Gattuso en fusible ?
Nommé sélectionneur en juin en remplacement de Luciano Spalletti, après la déroute d'Oslo (3-0) en ouverture des éliminatoires, Gennaro Gattuso n'a pas rempli sa mission et pourrait logiquement en faire les frais.
Interrogé lundi sur ce que signifierait un échec, l'ancien joueur de l'AC Milan avait laissé entendre qu'il pourrait démissionner de lui-même : "Cela serait pour moi une désillusion, un énorme coup dur et je devrais en assumer les responsabilités."
Mais son bilan à la tête de la Nazionale qui a connu trois sélectionneurs en deux ans et demi (Roberto Mancini, de 2018 à 2023, Spalletti de 2023 à 2025) pourrait le sauver. En huit matches, son équipe s'est imposée six fois et a marqué beaucoup (21 buts avant le match contre la Bosnie). Le champion du monde 2006, connu pour sa rage de vaincre quand il était joueur, semble en outre avoir réussi à créer un esprit d'équipe dans une Nazionale en manque de personnalités.
Cet échec qui devrait susciter comme pour 2018 et 2022 des réactions jusqu'au sommet de l'Etat italien, pourrait coûter son poste au président de la Fédération italienne (FIGC) Gabriele Gravina, élu en 2018 quelques mois après la démission de son prédécesseur suite à la non-qualification pour le Mondial russe.
Un virage manqué après...2006
Le 9 juillet, l'Italie fêtera le vingtième anniversaire de son quatrième sacre mondial au terme d'une finale incandescente contre la France de Zinédine Zidane (1-1 a.p., 5 tab à 3). L'anniversaire sera cruel pour tout un pays en plein Mondial 2026.
Il y a moins de cinq ans, la Nazionale avait remporté l'Euro 2021. Mais ce sacre ressemble à un trompe-l'oeil pour une sélection qui, à l'exception de sa finale à l'Euro 2012 et de son titre en 2021, déçoit ses tifosi : élimination dès la phase de groupes du Mondial en 2010 et 2014, échec en 8e de finale du dernier Euro en 2024, chute au classement mondial de la Fifa jusqu'à la 21e place, en août 2018 (l'Italie est aujourd'hui 12e).
"Les résultats d'aujourd'hui sont la conséquence (de notre attitude) d'il y a vingt ans, à l'époque où nous nous reposions sur nos forces, sur les Buffon, Cannavaro et Totti, en pensant qu'ils seraient éternels", estimait récemment l'ancien gardien de but et désormais manager de la Nazionale, Gianluigi Buffon.
"Déjà à ce moment-là", regrettait "Gigi", "il fallait repenser les modèles techniques et tactiques, mais nous avons été des cigales".
Une formation à réformer
Il a fallu attendre... 2025 pour que la FIGC se dote d'un directeur technique et le diagnostic de Cesare Prandelli, sélectionneur de la Nazionale entre 2010 et 2014, est sans appel : le problème du calcio, c'est sa formation.

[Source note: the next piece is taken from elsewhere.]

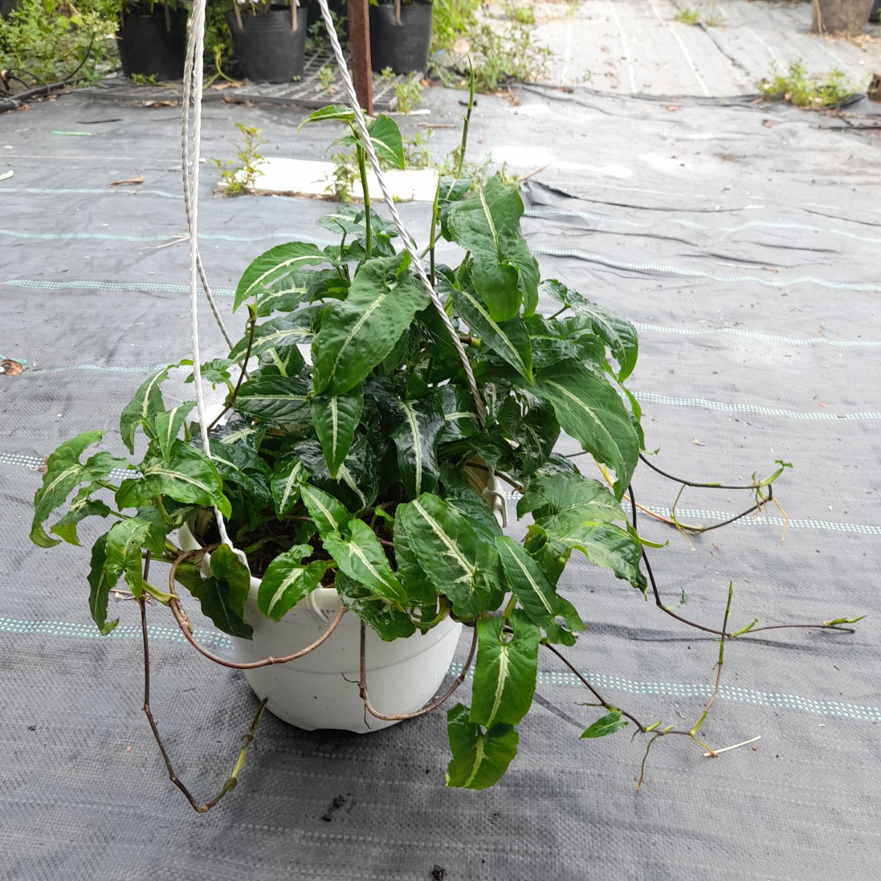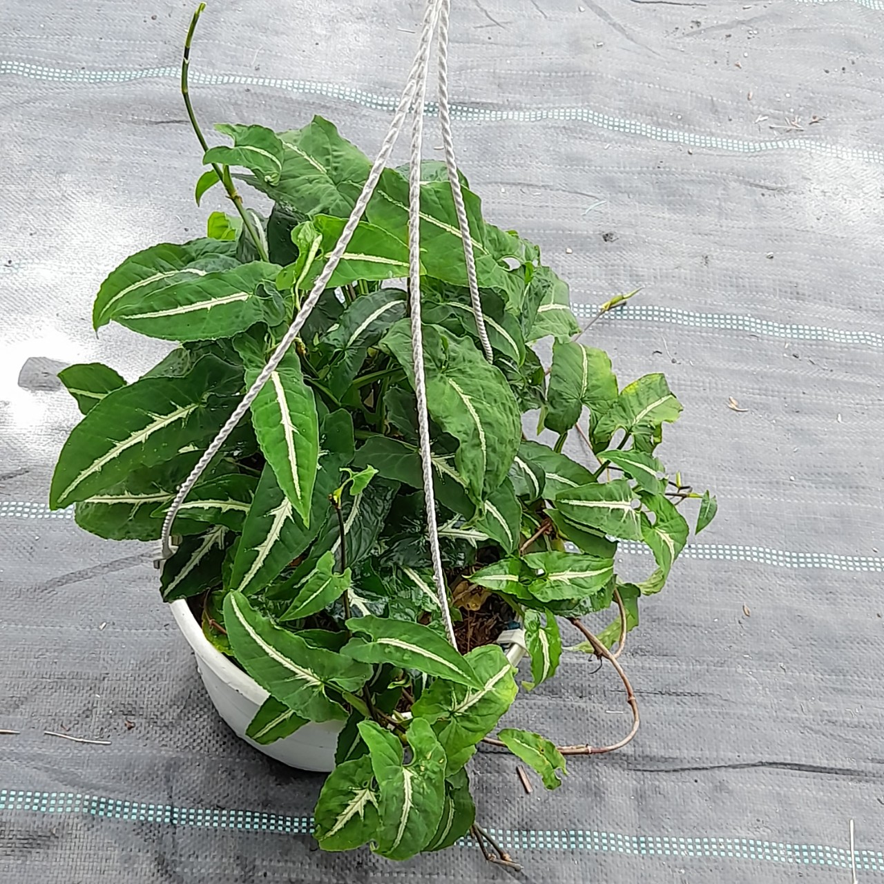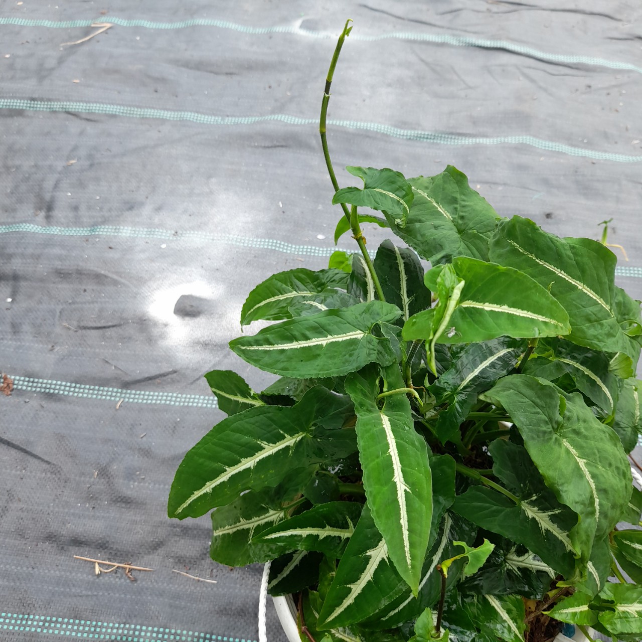 - Lá cây có hình tim, khi bắt đầu già đi chúng sẽ chuyển sang thành hình mũi tên và những gân trắng sẽ nhỏ lại. Mỗi lá có dạng mũi tên khác nhau, không thống nhất.

"S'il y a dix ans, on avait eu la chance d'avoir un talent comme Lamine Yamal, on l'aurait fait fuir", estimait-il récemment. "Nos entraîneurs lui auraient retiré la joie de jouer et de s'amuser en le saoûlant avec des schémas de jeu ou avec l'occupation du terrain."
La FIGC vient de dévoiler un programme de formation pour les entraîneurs en charge de ses 700.000 licenciés âgés de 5 à 15 ans. Il doit "en faisant descendre la fédération dans les clubs" contrer "l'appauvrissement technique" et augmenter le nombre d'heures passés à jouer avec le ballon, espére son promoteur, l'ancien international Simone Perrotta.
Une rareté, les joueurs italiens en Serie A
Pour beaucoup, la sélection souffre, car la Serie A préfère des joueurs étrangers aux joueurs italiens. Seulement 33% des joueurs évoluant en Serie A cette saison sont potentiellement sélectionnables pour la Nazionale.
Dans le top 5 européen, seule la Premier League anglaise utilise moins de joueurs "locaux" (29,2%) quand la Ligue 1 et la Bundesliga sont plus "protectionnistes", avec respectivement 37,5% de joueurs français et 41,5% de joueurs allemands.
"Cela ne sert à rien de regretter quelque chose contre lequel on ne peut rien", a toutefois balayé la semaine dernière Gattuso.